→ ACTIVITY
The expected response is a copy of every line in the entries below that includes the word "prove".

→ DATA SECTION
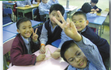
哇！我們砌到喇！學生成功解難非常開心

1月20日 如何面對逆境：透過解難遊戲、觀看力克短片，學習ABC理論，培養學生以正面積極的態度去面對困難。
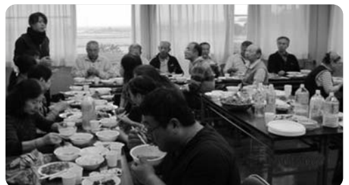
▲ 収穫した野菜を味わう

ことに、ヘドロは有用な有機資材になることを理解しており、このことを本部に進言した結果、EM研究機構の「EM災害復興支援プロジェクト」の協力を得て、UNET本部からの
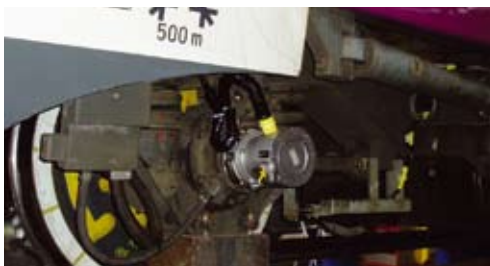
Sala montata atta alla misurazione dell'interazione ruota - rotaia durante le prove sulla dinamica di marcia

PROSE ha effettuato i rilevamenti sulla locomotiva di testa, conformemente alla procedura EN14363, per conto di Bombardier. PROSE poi, su commissione del consorzio, ha supervisionato le misurazioni eseguite da Talgo sulle carrozze ed ha redatto in un unico protocollo il report finale delle prove riguardanti l'intero treno.
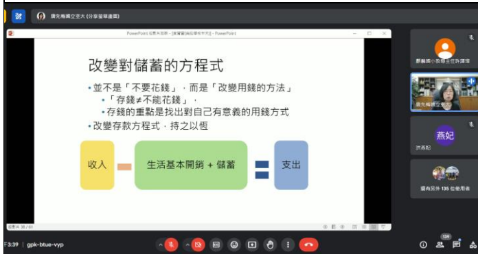
正確的家庭理財觀念
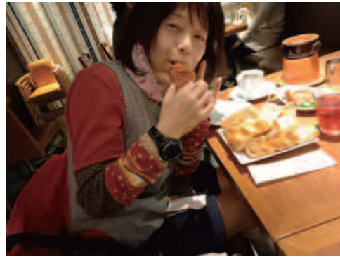
パン食べ放題～38個もいただきました!!
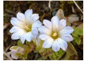
苔竜胆(コケリンドウ)
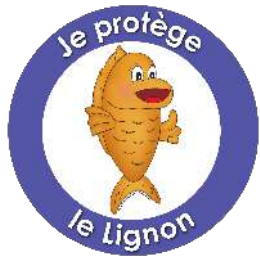
Schéma d'Aménagement et de Gestion des Eaux du Lignon du Velay

Réunion de la Commission Locale de l'Eau 7 mars 2014

→ RESPONSE
Sala montata atta alla misurazione dell'interazione ruota - rotaia durante le prove sulla dinamica di marcia
PROSE ha effettuato i rilevamenti sulla locomotiva di testa, conformemente alla procedura EN14363, per conto di Bombardier. PROSE poi, su commissione del consorzio, ha supervisionato le misurazioni eseguite da Talgo sulle carrozze ed ha redatto in un unico protocollo il report finale delle prove riguardanti l'intero treno.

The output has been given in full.